We summarized this characteristic of quasi-legislative rules in Wallace Berrie & Co. v. State Bd. of Equalization (1985) 40 Cal.3d 60, 65 [219 Cal.Rptr. 142, 707 P.2d 204] (Wallace Berrie): “ ‘[I]n reviewing the legality of a regulation adopted pursuant to a delegation of legislative power, the judicial function is limited to determining whether the regulation (1) is “within the scope of the authority conferred” [citation] and (2) is “reasonably necessary to effectuate the purpose of the statute” [citation].’ [Citation.] ‘These issues do not present a matter for the independent judgment of an appellate tribunal; rather, both come to this court freighted with [a] strong presumption of regularity . . . .’ [Citation.] Our inquiry necessarily is confined to the question whether the classification is ‘arbitrary, capricious or [without] reasonable or rational basis.’ (Culligan, supra, 17 Cal.3d at p. 93, fn. 4 [citations].)”4

It is the other class of administrative rules, those interpreting a statute, that is at issue in this case. Unlike quasi-legislative rules, an agency’s interpretation does not implicate the exercise of a delegated lawmaking power; instead, it represents the agency’s view of the statute’s legal meaning and effect, questions lying within the constitutional domain of the courts. But because the agency will often be interpreting a statute within its administrative jurisdiction, it may possess special familiarity with satellite legal and regulatory issues. It is this “expertise,” expressed as an interpretation (whether in a regulation or less formally, as in the case of the Board’s tax annotations), that is the source of the presumptive value of the agency’s views. An important corollary of agency interpretations, however, is their diminished power to bind. Because an interpretation is an agency’s legal opinion, however “expert,” rather than the exercise of a delegated legislative power to make law, it commands a commensurably lesser degree of judicial deference. (Bodinson Mfg. Co. v. California E. Com., supra, 17 Cal.2d at pp. 325-326.)
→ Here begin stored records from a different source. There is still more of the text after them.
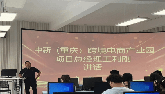 随后,中新(重庆)跨境电商产业园项目总经理王利刚先生上台,详细介绍了项目的背景、目标及具体要求。他强调了跨境电商行业的快速发展和人才需求的紧迫性,并指出本次研修班将结合理论与实践,为师生们提供全方位、多角度的学习体验。他还表示,中新(重庆)跨境电商产业园将为研修班提供丰富的实践机会和资源支持,确保研修班取得圆满成功。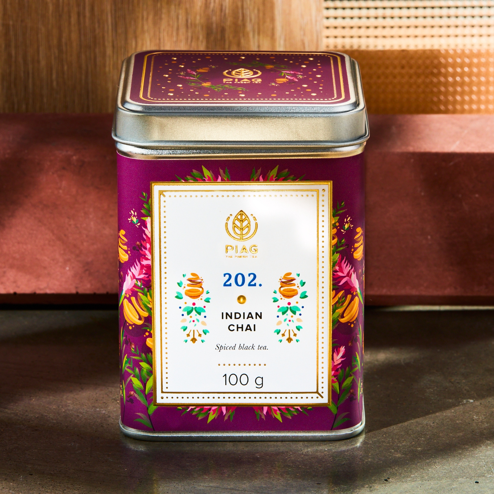 Opakowanie: Herbata Indian Chai od Piag Tea zapakowana jest w elegancką puszkę, która ozdobi każdą kuchnię. Wspaniały design autorstwa ilustratorki i projektantki - Katarzyny Korzeniowskiej. Każda puszka oklejana i pakowana jest ręcznie. Wszystko, co robimy - robimy z miłością.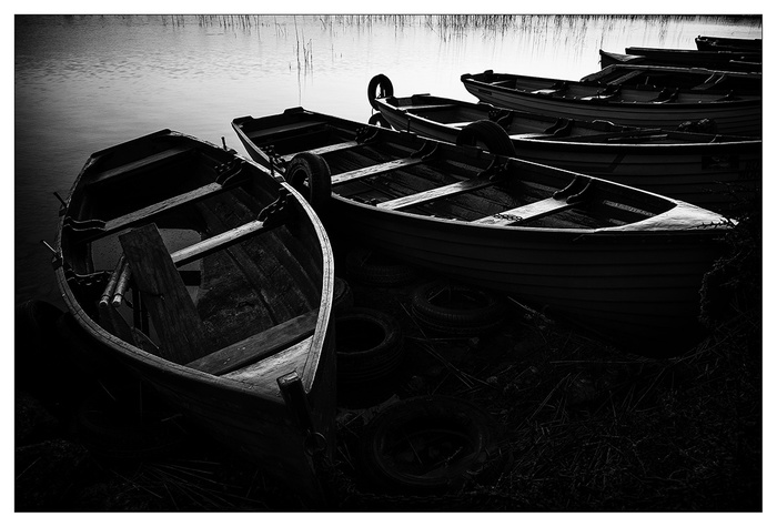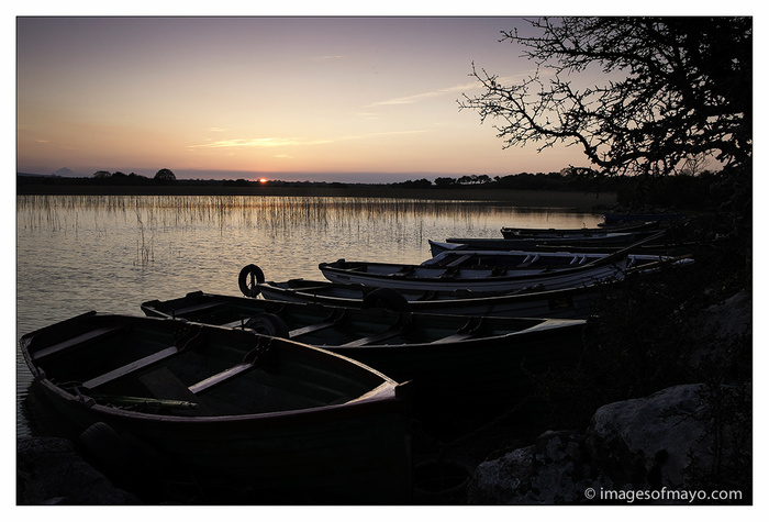 A little early posting this evening as I am about to leave on an overnight trip to Cork, its pretty dull and I don't expect I'll get any pictures between here and there. This is another image from my quick visit to the shores of Lough Carra yesterday evening, i converted to Monochrome, because sometimes when we view a picture in Monchrome the shapes and textures in the image become more important, and for me this was all about the shapes, accentuated by the back lighting skimming across the top of the boats.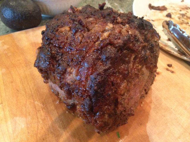 I made a rib-eye roast for lunch. After leaving it out for 30 minutes to bring it to room temperature, I dusted it with a mixture of black pepper, fresh thyme, hot paprika, bacon salt, and flour, then made some pierced the meat and slipped garlic slivers into the incisions. I seared it off and, once I’d achieved that night, crispy exterior, I brushed it with honey-mustard and then roasted it for an hour and twenty minutes at 325.

In International Business Machines v. State Bd. of Equalization (1980) 26 Cal.3d 923 [163 Cal.Rptr. 782, 609 P.2d 1], we contrasted the narrow *12standard under which quasi-legislative rules are reviewed—“limited,” we wrote, “to a determination whether the agency’s action is arbitrary, capricious, lacking in evidentiary support, or contrary to procedures provided by law” (id. at p. 931, fn. 7)—with the broader standard courts apply to interpretations. The quasi-legislative standard of review “is inapplicable when the agency is not exercising a discretionary rule-making power, but merely construing a controlling statute. The appropriate mode of review in such a case is one in which the judiciary, although taking ultimate responsibility for the construction of the statute, accords great weight and respect to the administrative construction. [Citation.]” (Ibid., italics added; see also California Assn. of Psychology Providers v. Rank (1990) 51 Cal.3d 1, 11 [270 Cal.Rptr. 796, 793 P.2d 2] [“courts are the ultimate arbiters of the construction of a statute”]; Dyna-Med, Inc. v. Fair Employment & Housing Com. (1987) 43 Cal.3d 1379, 1389 [241 Cal.Rptr. 67, 743 P.2d 1323] [“The final meaning of a statute . . . rests with the courts.”]; Morris v. Williams (1967) 67 Cal.2d 733, 748 [63 Cal.Rptr. 689, 433 P.2d 697] [“ ‘final responsibility for the interpretation of the law rests with the courts’ ”].)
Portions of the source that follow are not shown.